Your task =>
Drop the images, then output the listing exactly.

Given information =>
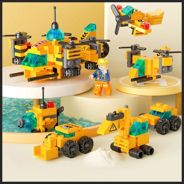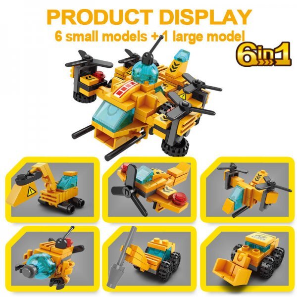 建築現場作業用ヘリコプターの変身ブロックの組み立てセットです。
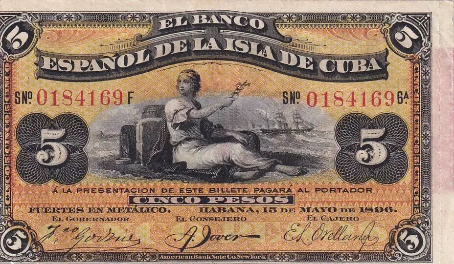 Billet Cuba 5 Pesos - Femme, bateaux -Surchargé Plata - 1896 - P.48b
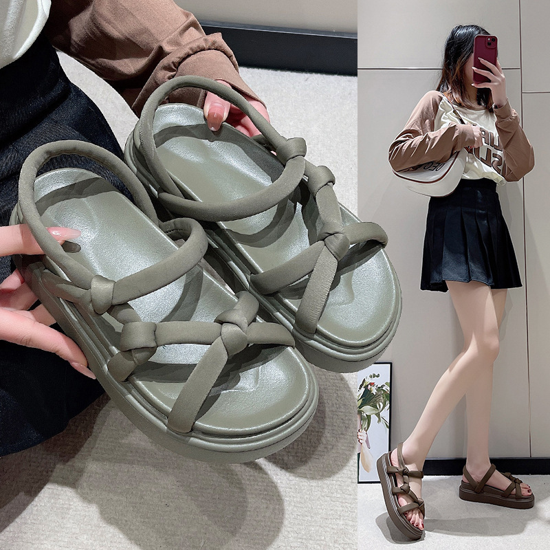 新款运动风凉鞋女松糕底休闲露趾凉鞋女厚底套脚打结罗马凉鞋女
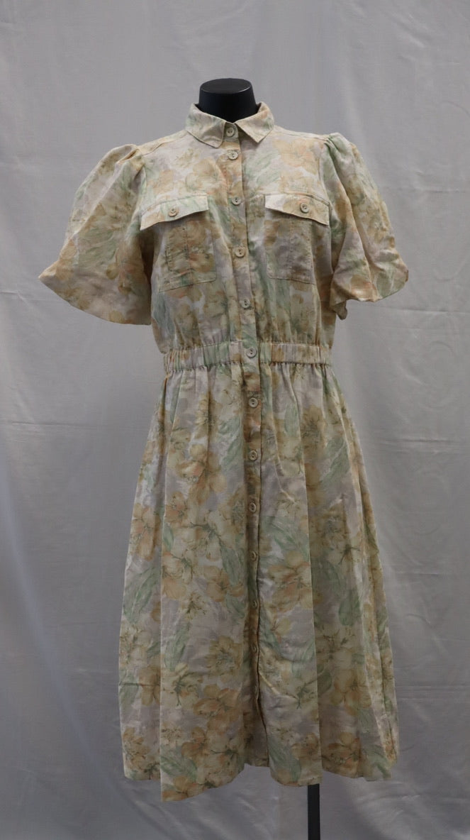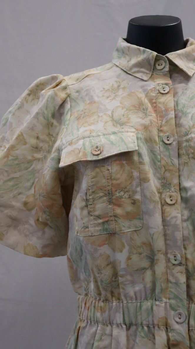 Puff short sleeve, buttons down the front, elastic waist, chest pockets, in a faint colour vintage floral pattern

Expected answer =>
 建築現場作業用ヘリコプターの変身ブロックの組み立てセットです。
 Billet Cuba 5 Pesos - Femme, bateaux -Surchargé Plata - 1896 - P.48b
 新款运动风凉鞋女松糕底休闲露趾凉鞋女厚底套脚打结罗马凉鞋女
 Puff short sleeve, buttons down the front, elastic waist, chest pockets, in a faint colour vintage floral pattern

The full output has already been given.